Exercise goal
Nothing but the lines from the one containing "ダイヤモンド/3.00ct テニス ネックレス K18WG【中古】【JS1839】" through the end of the data below should appear in the answer, each exact and free of pictures.

Collected material
—————

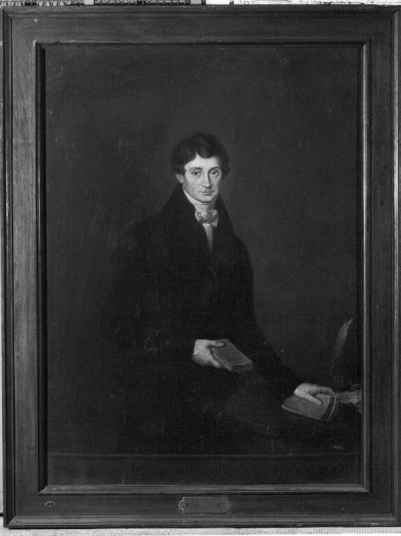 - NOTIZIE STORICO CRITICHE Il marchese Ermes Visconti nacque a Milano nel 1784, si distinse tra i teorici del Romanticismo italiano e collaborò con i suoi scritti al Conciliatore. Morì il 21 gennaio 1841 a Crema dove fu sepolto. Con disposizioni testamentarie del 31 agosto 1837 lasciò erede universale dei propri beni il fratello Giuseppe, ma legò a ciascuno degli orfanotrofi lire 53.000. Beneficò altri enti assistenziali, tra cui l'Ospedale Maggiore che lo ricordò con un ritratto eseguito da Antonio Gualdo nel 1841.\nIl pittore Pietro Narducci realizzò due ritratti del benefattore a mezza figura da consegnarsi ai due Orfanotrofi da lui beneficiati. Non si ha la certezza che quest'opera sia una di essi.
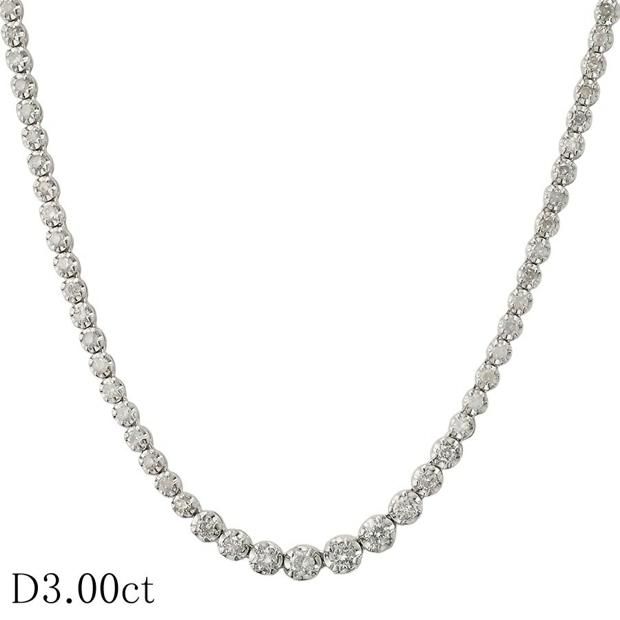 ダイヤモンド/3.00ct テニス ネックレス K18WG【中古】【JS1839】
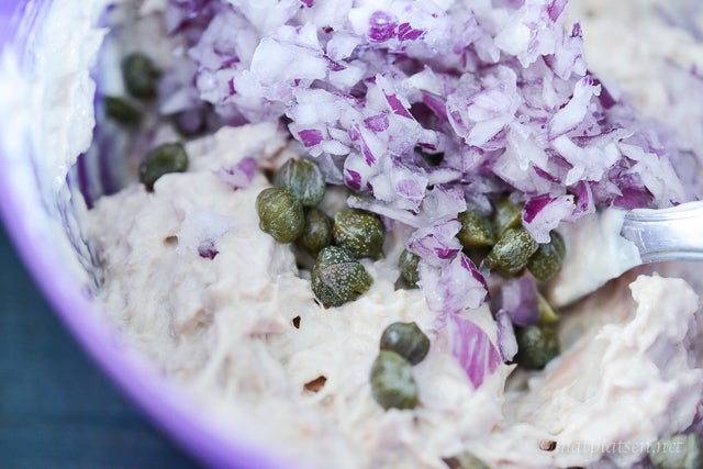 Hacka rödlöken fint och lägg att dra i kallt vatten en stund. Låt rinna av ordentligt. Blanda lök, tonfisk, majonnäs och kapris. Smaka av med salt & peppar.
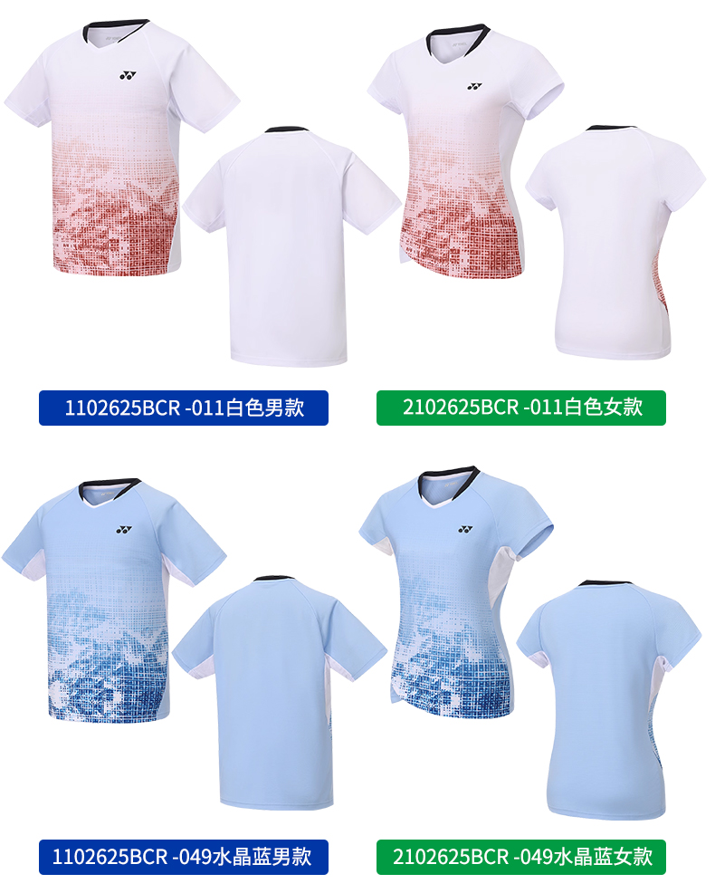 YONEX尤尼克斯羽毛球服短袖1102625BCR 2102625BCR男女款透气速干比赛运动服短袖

—————

Your response
 ダイヤモンド/3.00ct テニス ネックレス K18WG【中古】【JS1839】
 Hacka rödlöken fint och lägg att dra i kallt vatten en stund. Låt rinna av ordentligt. Blanda lök, tonfisk, majonnäs och kapris. Smaka av med salt & peppar.
 YONEX尤尼克斯羽毛球服短袖1102625BCR 2102625BCR男女款透气速干比赛运动服短袖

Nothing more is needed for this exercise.